A lot of cells in the RMS are intended for single-word entries, so that the terms word and string become synonymous. You can always use the word boundary anchor \b to refer to the start and end of the entry, even if it is just the one word; or you can use the string start and end anchors:

^start of string
$end of string

ni finds samples that have ni in the word for "nobody": nikon, nijek, khonik, etc. Now suppose you only want samples where the word for "nobody" begins with ni: ^ni ensures that the expression ni is matched only at the start of the string, thus excluding something like khonik. Note how ^ni will also exclude something like konik ni, which \bni would have picked up (the second ni in konik ni follows a word boundary).

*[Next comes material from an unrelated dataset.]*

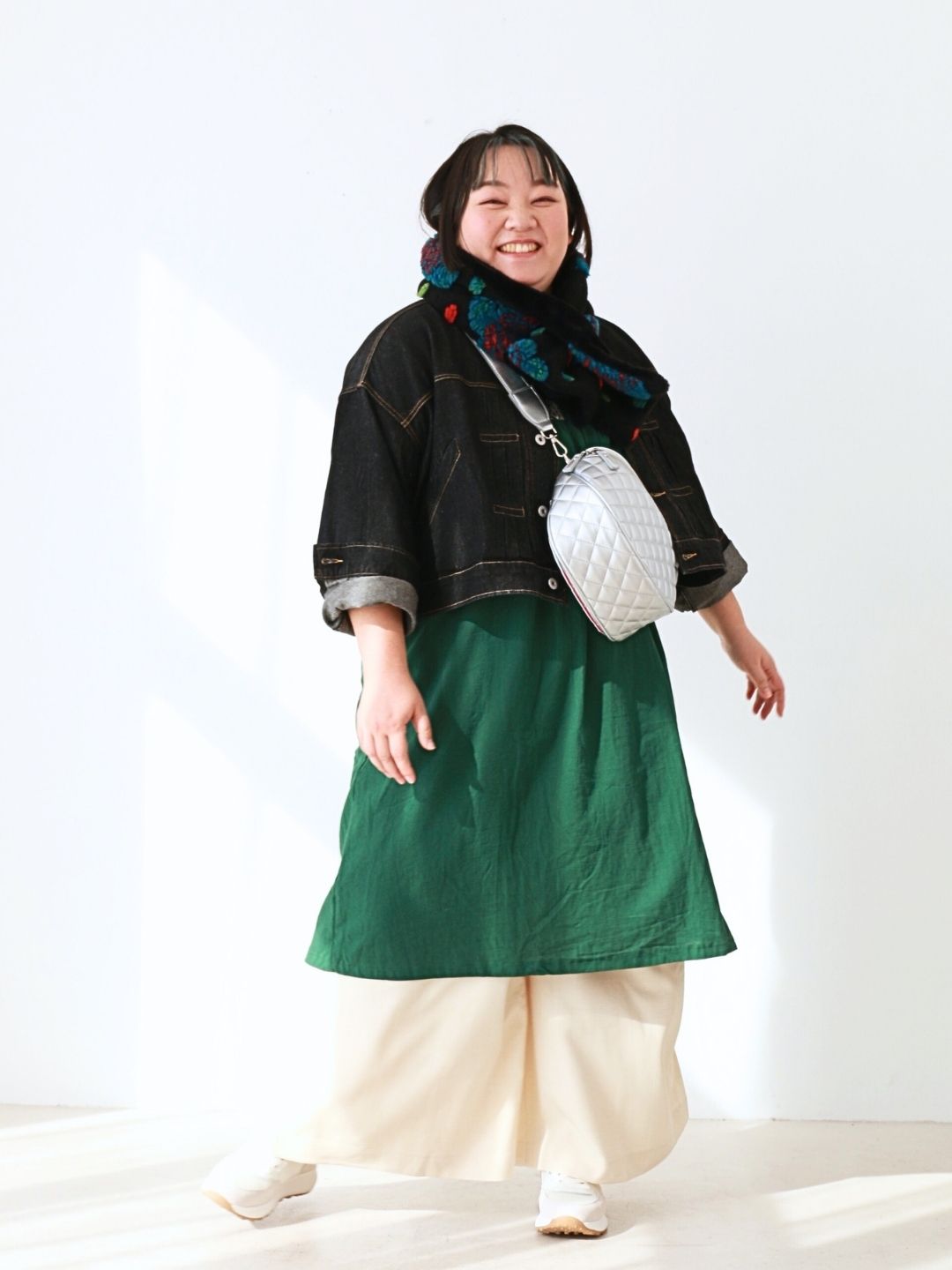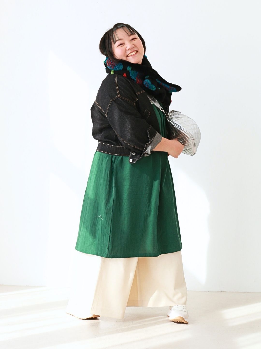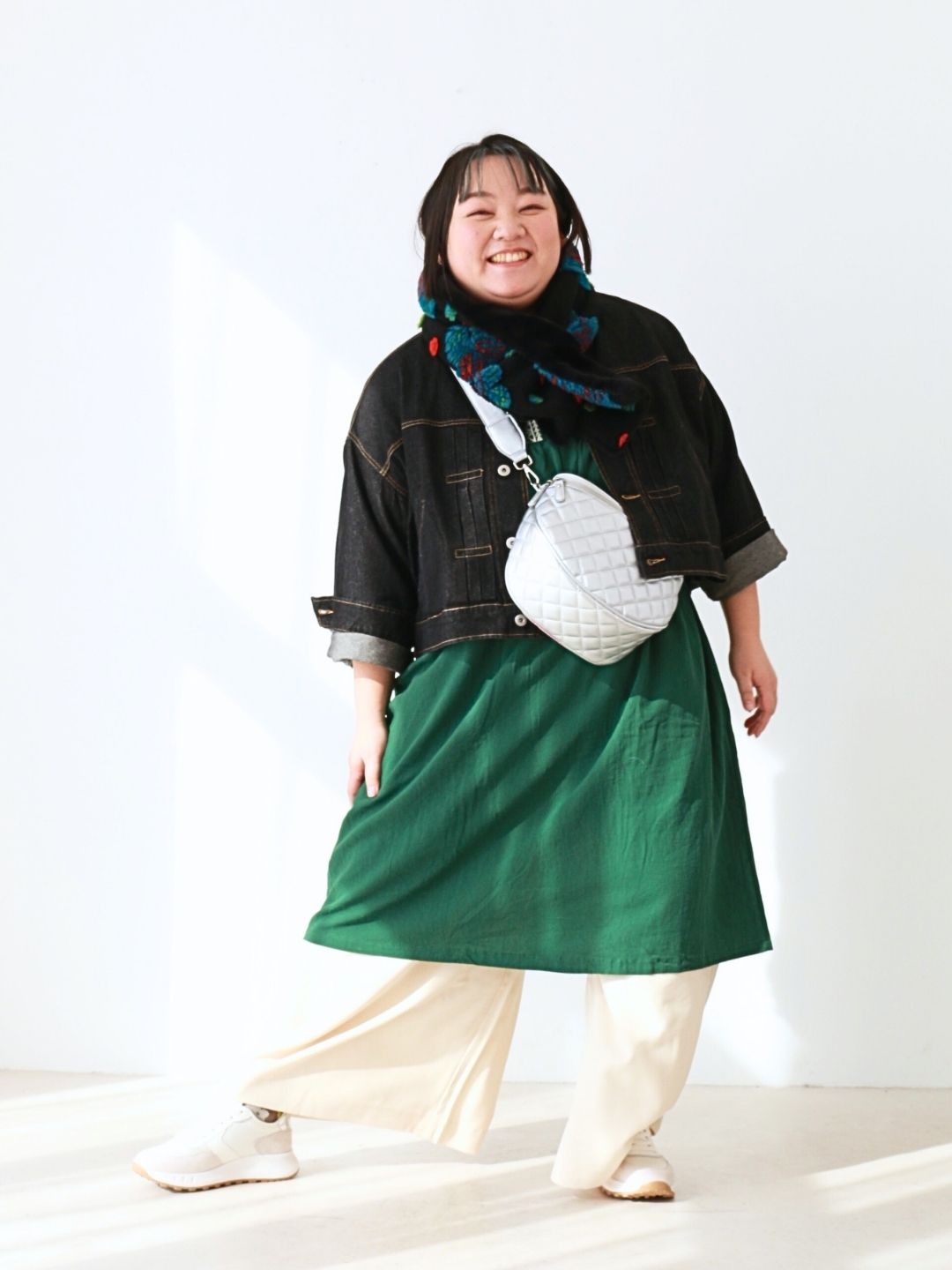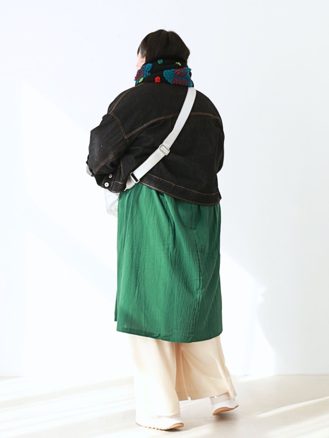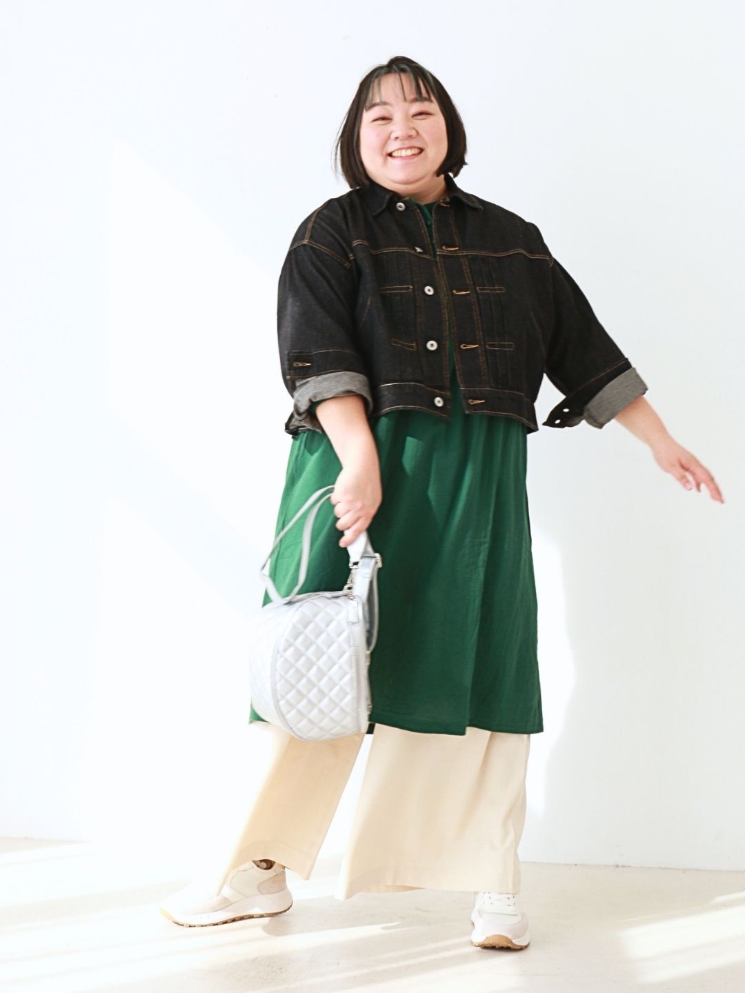 グリーン×アイボリーの爽やか配色に、ショート丈デニムジャケットでスタイルアップも叶う一着。

\b[vj]?[oe]j[.?!\s]*$ finds samples where some phrase has a variant of the 3SG.F pronoun "she" (such as oj, voj, jej, ...) in phrase-final position, disregarding potential sentence-final punctuation marks and whitespace. kaj si voj ? for example is a match, whereas kaj jej isy? is not.

Alternation

|alternation (OR)

The pipe symbol | allows you to search for two or more very different patterns in one go. For example, RMS groups possessive pronouns into five variant types: full, regular, syncopated, r-final, and minimal. If you are looking for all the samples that have either full or syncopated or r-final variants, you could do three separate searches, save the results of each and then combine them with logical OR. But since you are searching in the same cell, the regex alternation syntax is the much easier alternative, in this case: full|syncopated|r-final.

In fact, since in this particular example we know exactly what the variant types can be - one of the five above-mentioned - we could be a lot less specific in our regex and reduce it to a bare f|s (or indeed [fs]): f matches both full and r-final (and none of the others), and s adds syncopated (and none of the others).

Grouping

You can group characters by using the round brackets ( ), much in the fashion of math formulas.

( )grouping

In de(ve)?l, the entire two-character sequence ve is made optional by surrounding it with round brackets before following it with the zero-or-once quantifier ?. The expression finds strings containing del or devel. The quantifier's scope extends to the entire pattern inside the round brackets, so devl is not a match.

Anything can appear inside round brackets. \\btu\b(.+ \w+)*s\b = \btu .+ \w+s\b finds any phrase where there is at least one word between the word tu and a word ending in s. tu na sanas is a match, tu keres is not (\btu\b.+s\b finds either).